Forms of conditional value propagation have been tried in LLVM before and have failed due to compile time problems. In an attempt to side step that, this patch only considers conditions where the edge leaving the branch dominates the context instruction. Rather than walking back along the dominator tree for every value/context instruction pair, we only consider uses of the value itself when searching for useful conditions. It's also limited to only the first level call in the known bits recursion search.

Even with these restrictions, it handles many interesting cases:

  • Early exits from functions
  • Early exits from loops (for context instructions in the loop and after the check)
  • Conditions which control entry into loops, including multi-version loops (such as those produced during vectorization, IRCE, loop unswitch, etc..)

Possible applications include optimizing using information provided by constructs such as: preconditions, assumptions, null checks, & range checks.

When compiling sqlite3.c (using a Release+Asserts build), I get the following timings:
-instcombine -value-tracking-dom-conditions=1: 0.788s-0.793
-instcombine -value-tracking-dom-conditions=0: 0.771-0.773
-O3 -value-tracking-dom-conditions=1: 14.993-15.391
-O3 -value-tracking-dom-conditions=0: 14.961-14.984

There is some slightly slow down in instcombine, but the difference in the O3 times are essentially noise. I measured an outlier (which I discarded in the above) of 16.408 for "-O3 -value-tracking-dom-conditions=0".

Diff Detail

Repository
rL LLVM

Event Timeline

reames updated this revision to Diff 20111.Feb 17 2015, 3:59 PM
reames retitled this revision from to Infer known bits from dominating conditions.
reames updated this object.
reames edited the test plan for this revision. (Show Details)
reames added reviewers: nlewycky, hfinkel.
reames added a subscriber: Unknown Object (MLST).

Here are the O3 numbers for a Release build (without asserts):
-O3 -value-tracking-dom-conditions=1: 11.045-11.319
-O3 -value-tracking-dom-conditions=0: 10.989-11.300

Taking the two extremes, that's about a 300 ms difference at worst. That's about 2.7%. Given the (informally measured) variance between runs, that's within the noise.

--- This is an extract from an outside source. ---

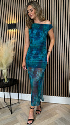Sariah Green and Blue Printed Mesh Bodycon Midi Dress

In terms of effectiveness, this allows an extra 500 inst combines (out of ~50k). The resulting IR is slightly larger, though I can't easily determine why. The biggest difference is a lot more nsw and nuw markers are being added. It appears that instcombine is now handling some cases that LVI and GVN would have previously gotten since the stats on those drop slightly. (This has the potential of making those passes more powerful due by avoiding pass ordering issues.) I do see both loop vectorizer and memcpyopt kicking in one extra time each. I have not measured execution time of sqlite.

hfinkel edited edge metadata.Feb 19 2015, 5:47 AM

Thanks for working on this!

I'd really like to see a compile-time comparison with an implementation that just walks up the dominator tree. It seems like that technique would be more powerful (because it could catch conditions where the variable is not a direct argument to the icmp). It might be manageable (with a cutoff for really deep trees, and noting that we can stop searching after we reach the definition of the variable itself).

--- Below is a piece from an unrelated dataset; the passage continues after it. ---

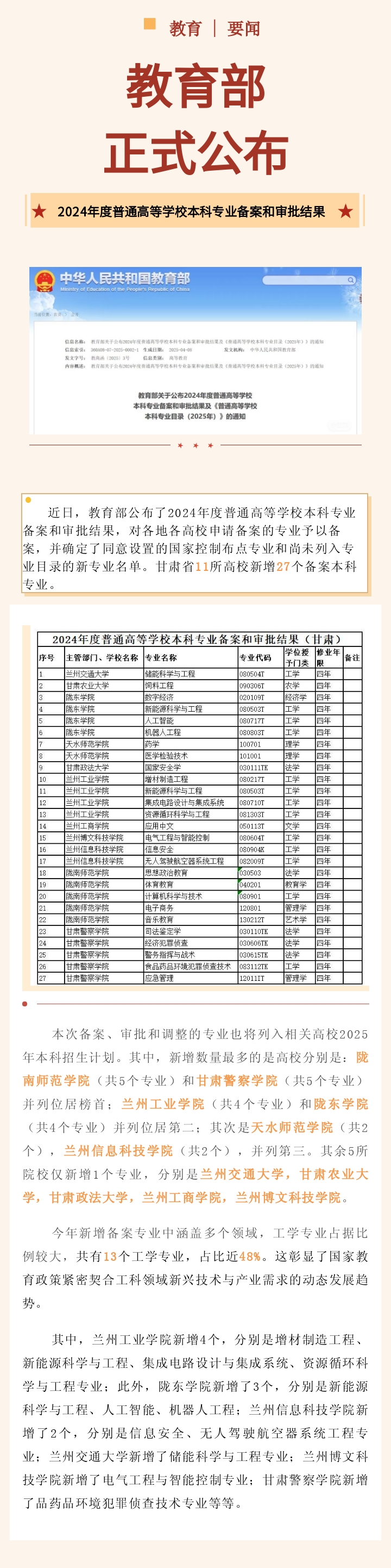 正式公布2024年度本科专业备案审批结果,甘肃省新增27个本科专业

Also, full-context patches please: http://llvm.org/docs/Phabricator.html#requesting-a-review-via-the-web-interface

lib/Analysis/ValueTracking.cpp
42 ↗(On Diff #20111)

Line too long?

498 ↗(On Diff #20111)

Please make this cutoff a command-line parameter.

510 ↗(On Diff #20111)

Why do you care that the cmp has only one use? Why not look at all of the branches that use the cmp result?

541 ↗(On Diff #20111)

Indeed, can't you share all of that logic that is used by the assume implementation?

Although to really do that you'd have to start with the dominating branches, walking up?

sanjoy added a subscriber: sanjoy.Feb 25 2015, 6:37 PM

Comments inline.

lib/Analysis/ValueTracking.cpp
498 ↗(On Diff #20111)

I remember hearing somewhere that the walking the use-list in LLVM is cache-miss'y. If (a big if) that is true, then for variables with a large number of uses you're going to spend a lot of time just skimming through the use list here. To that end, does it make sense to have this cutoff in the loop where you're looping through the use list?

508 ↗(On Diff #20111)

Nit: should be ICmpInst *Cmp. In general, I'd suggest just running this patch through clang-format before checking in.

529 ↗(On Diff #20111)

I don't think this will work if BI->getSuccessor(0) == BI->getSuccessor(1). You need to check if the false branch of BI actually branches to something other than BB0.

531 ↗(On Diff #20111)

The only other place that uses Q.DT checks to see if it isn't nullptr. Is there reason to believe that we actually have the dominator tree?

533 ↗(On Diff #20111)

Actually, it might be cleaner and more powerful to just use the BasicBlockEdge version of dominates here. dominates will also handle the case where BB0 has multiple preds but BB0 dominates all of them.

574 ↗(On Diff #20111)

Nit: should this be 'high bits in RHS'?

Responding to Sanjoy's review comments.

lib/Analysis/ValueTracking.cpp
498 ↗(On Diff #20111)

This hasn't been a measurable impact. I'd be a bit leery of effecting the code generation of the loop as well. Besides, once somethings in cache (from the first check), accessing it again (in the loop) is cheap.

510 ↗(On Diff #20111)

Compile time. I want to avoid walking potentially long use lists. I'm matching specifically the common pattern of a branch controlled by a comparison right before it. See my comment to Hal about possible future extensions.

529 ↗(On Diff #20111)

You're right. I need to account for that case. Thanks for finding this!

531 ↗(On Diff #20111)

It's checked at the top of the function. We do nothing if we don't have a dom tree.

533 ↗(On Diff #20111)

This is a good idea. Hadn't thought of that interface. Will definitely have to look into that.

574 ↗(On Diff #20111)

Will fix.

To be clear, is this a request for me to evaluate this before submission? I really don't see the need given that a) the current implementation is fast, and b) this is an experimental flag.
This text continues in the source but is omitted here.